Goal of the exercise: Retype exactly what runs from the first line of the data to the line with "Hliníkové guľôčkové pero", keeping both of those lines and skipping pictures.

Data excerpt:
----------

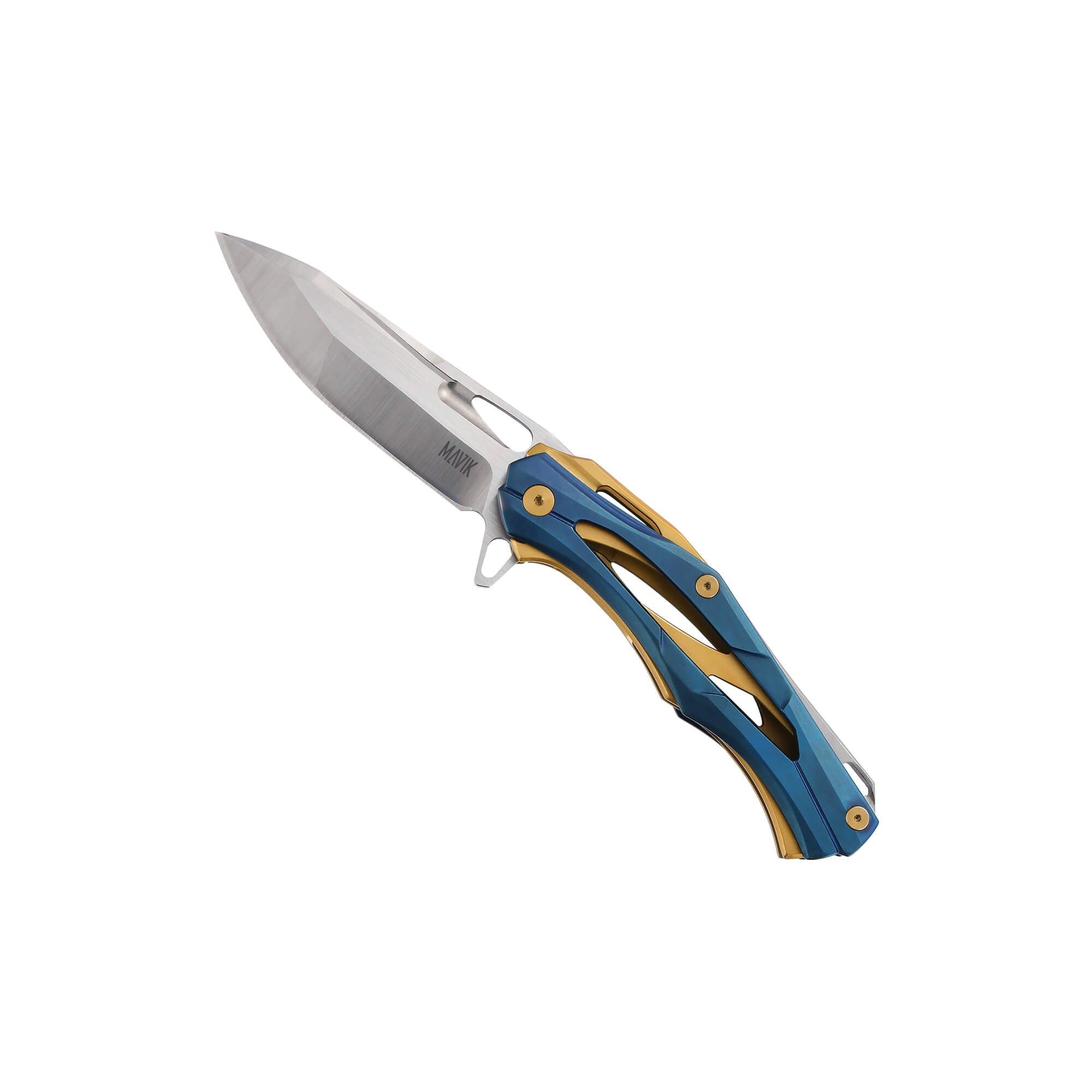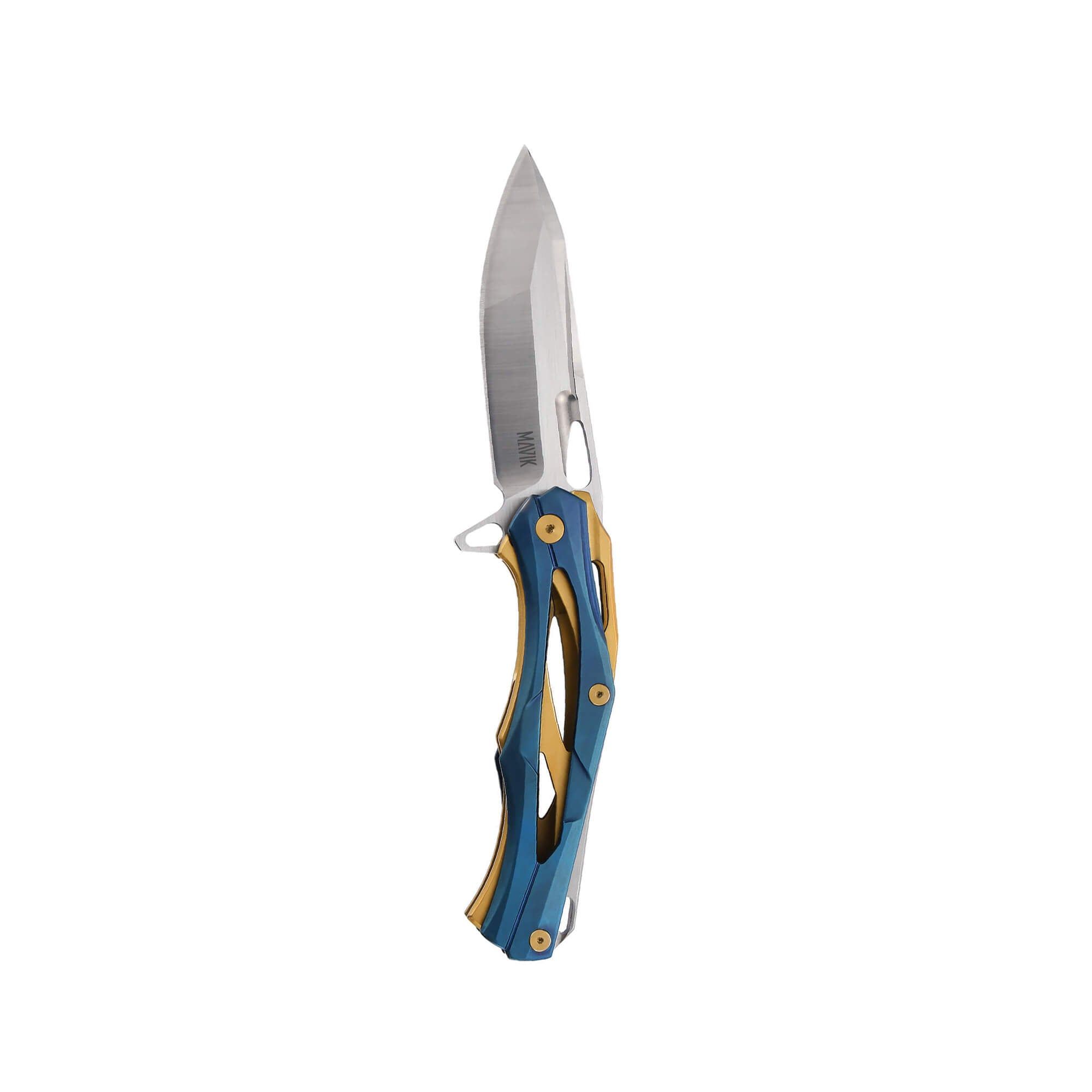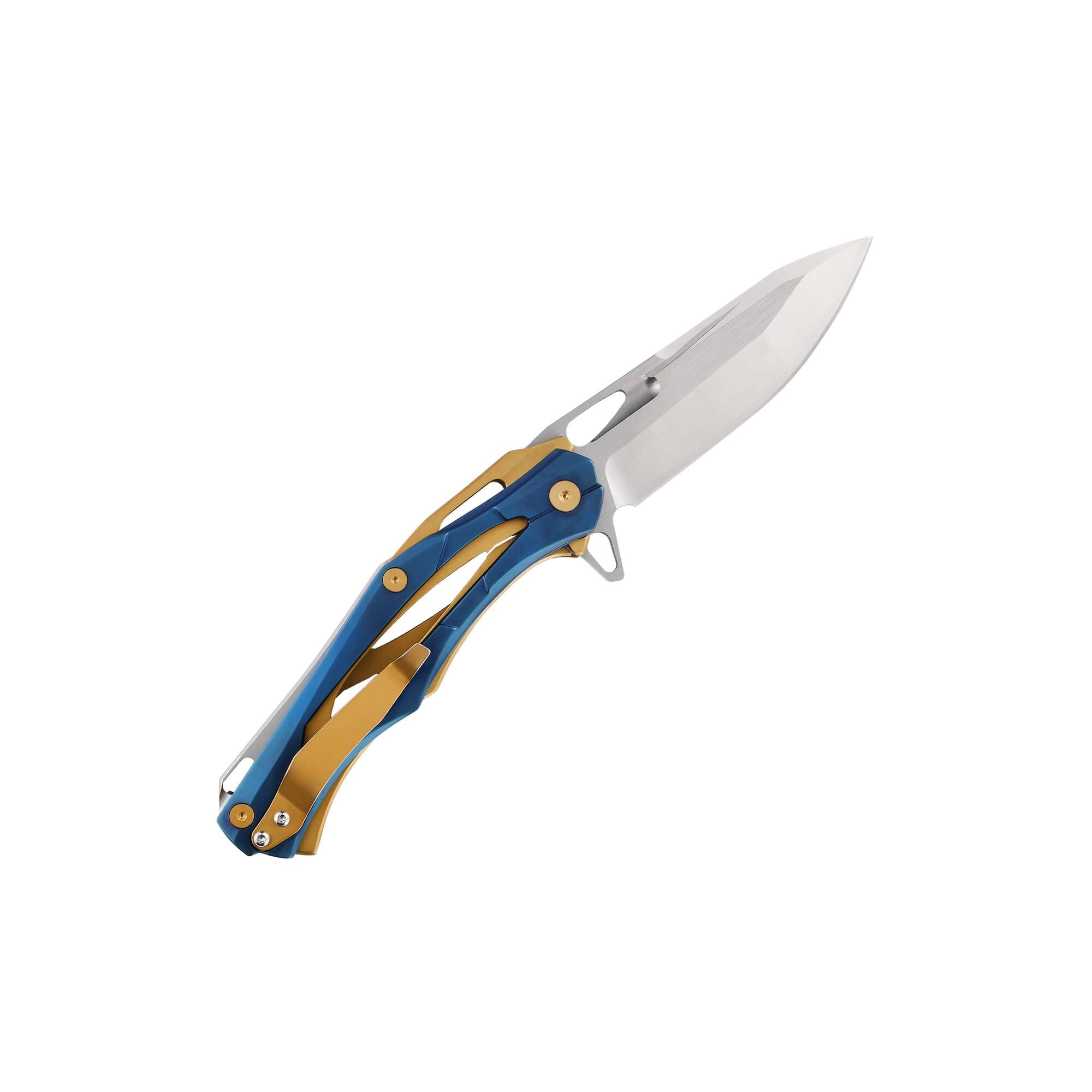 The Morpher is a remarkable folding knife with handle details in steel and blue titanium with tyrant gold. It secures with a liner lock and includes a pocket clip.
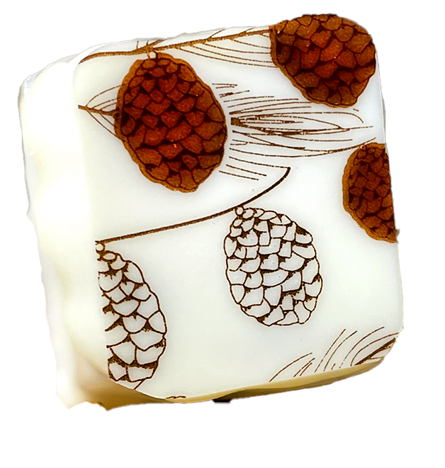Pine Forest Pine nut caramel with a layer of pine needle tea ganache. Dipped in dark chocolate. Taste like the forest! Dietary notes: Milk, Soy, Tree Nut (Pinenut)
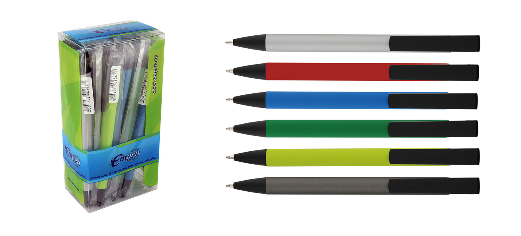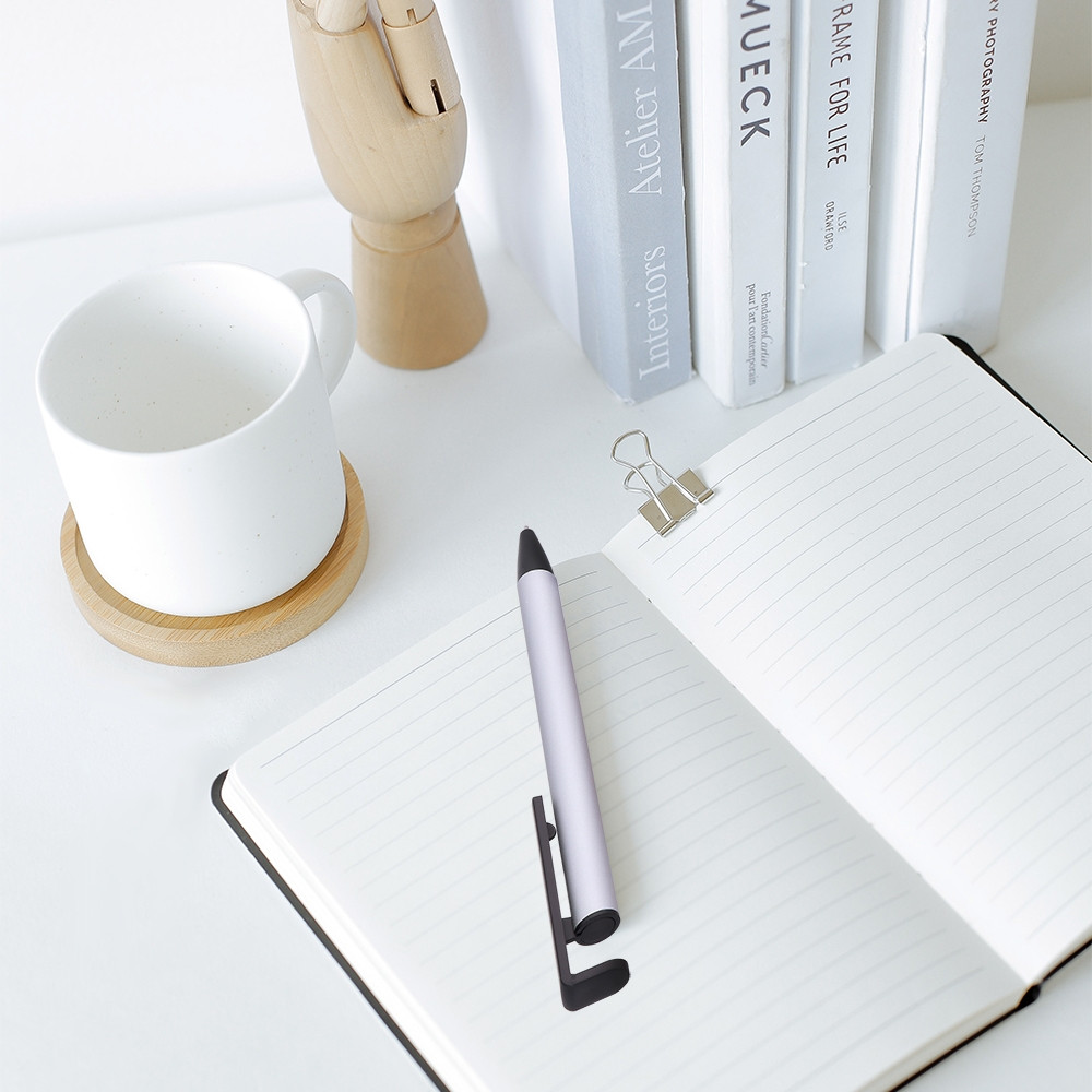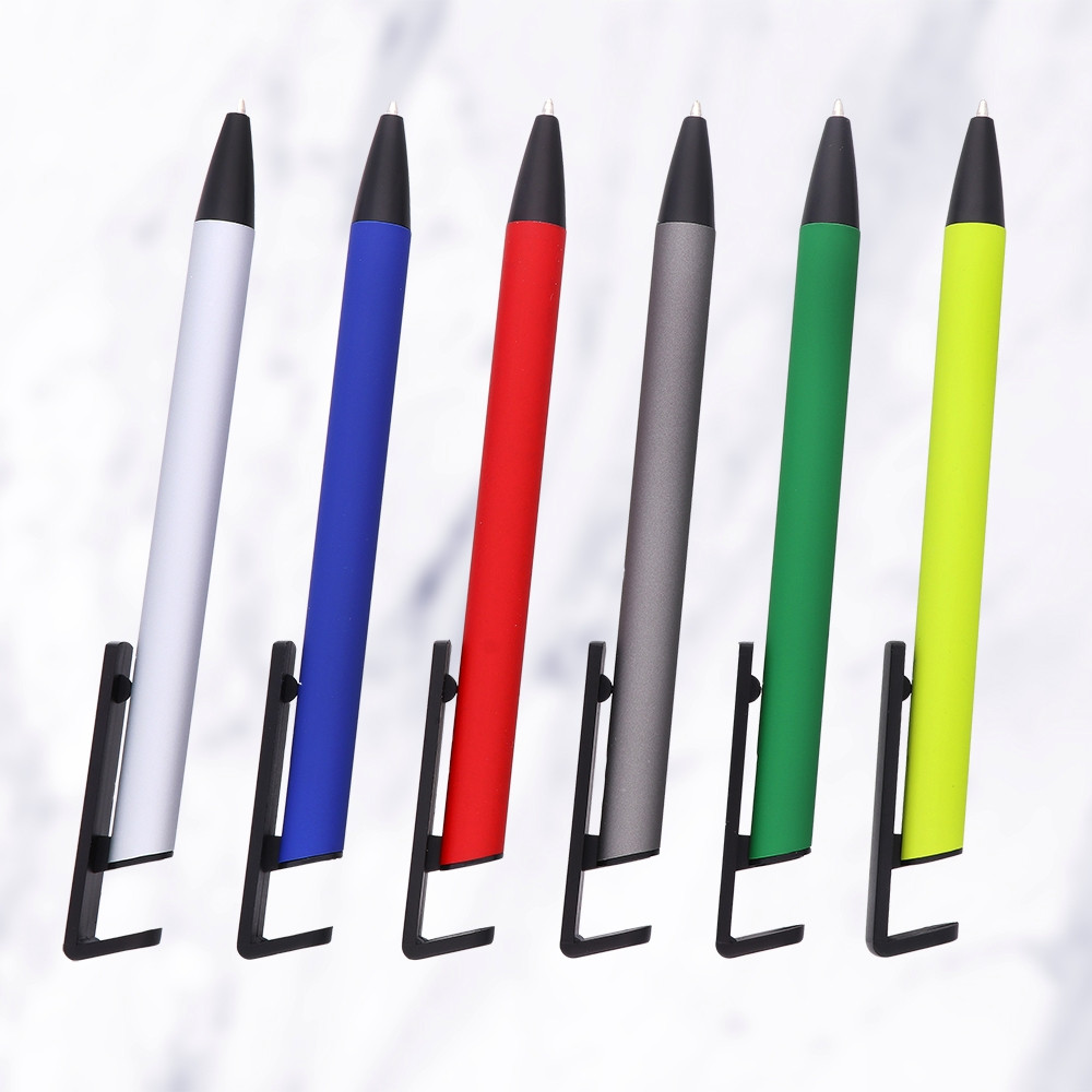 Hliníkové guľôčkové pero s pogumovaným povrchom a stojančekom na mobil
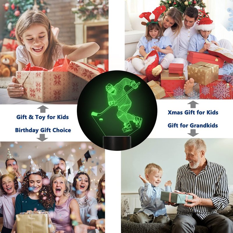 - Ideal Gift for Hockey Fans: Delight the hockey enthusiast in your life with this Ice Hockey Player 3D Lamp. Perfect for boys, men, and sports fans, this LED night light is a fantastic gift for birthdays, Christmas, or any special occasion. It adds a touch of sports-themed decor to any room and is sure to impress hockey lovers.

----------

Written answer:
 The Morpher is a remarkable folding knife with handle details in steel and blue titanium with tyrant gold. It secures with a liner lock and includes a pocket clip.
Pine Forest Pine nut caramel with a layer of pine needle tea ganache. Dipped in dark chocolate. Taste like the forest! Dietary notes: Milk, Soy, Tree Nut (Pinenut)
 Hliníkové guľôčkové pero s pogumovaným povrchom a stojančekom na mobil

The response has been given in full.